[[ Recorded data open ]]

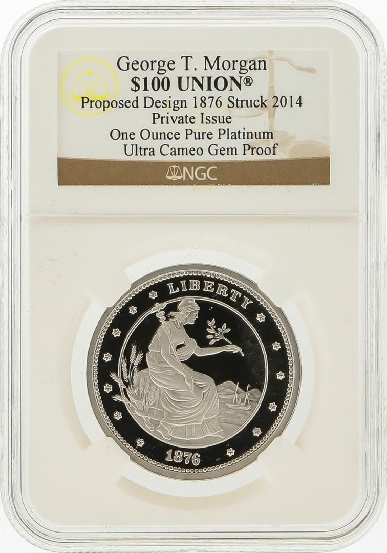 One 1876 $100 George T. Morgan Platinum Coin NGC Ultra Cameo Gem Proof. NGC Certified.
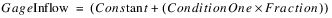 The Stream Gage has a new method category, Conditional Flow Calc, that contains the Fractional Flow user method. The default method in this category is None, so existing models do not require changes. The new user method, Fractional Flow, calculates and sets Gage Inflow based on a comparison between two conditions. If Condition One is less than Condition Two, then the Gage Inflow is set to Condition One multiplied by a user input seasonal Loss Factor plus a user specified Constant. If Condition One is not less than Condition Two, then Gage Inflow is set to a user specified Normal Flow. The following pseudo-code displays the logic of how the Gage Inflow slot is calculated:
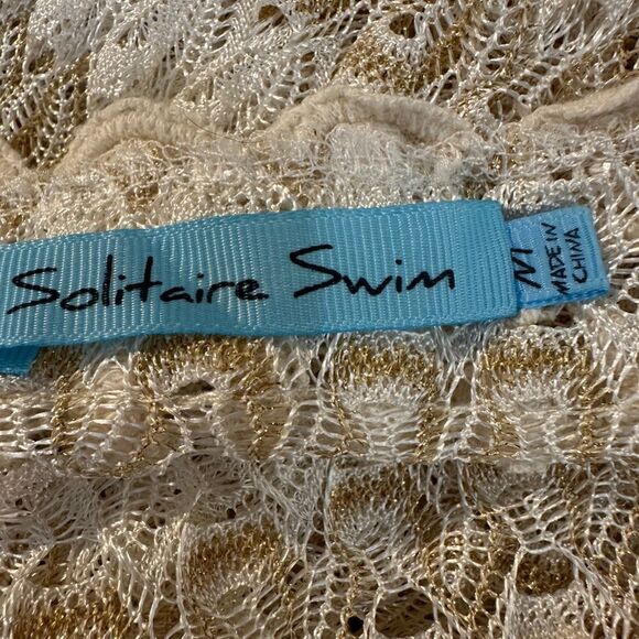 Solitaire Swim Coverup Size M Ivory Tan Gold Crocheted Long Sleeve Dress Beach

[[ Recorded data closed ]]

Prompt —
The response consists of the data above printed line for line, with no pictures.

Response area —
 One 1876 $100 George T. Morgan Platinum Coin NGC Ultra Cameo Gem Proof. NGC Certified.
 The Stream Gage has a new method category, Conditional Flow Calc, that contains the Fractional Flow user method. The default method in this category is None, so existing models do not require changes. The new user method, Fractional Flow, calculates and sets Gage Inflow based on a comparison between two conditions. If Condition One is less than Condition Two, then the Gage Inflow is set to Condition One multiplied by a user input seasonal Loss Factor plus a user specified Constant. If Condition One is not less than Condition Two, then Gage Inflow is set to a user specified Normal Flow. The following pseudo-code displays the logic of how the Gage Inflow slot is calculated:
 Solitaire Swim Coverup Size M Ivory Tan Gold Crocheted Long Sleeve Dress Beach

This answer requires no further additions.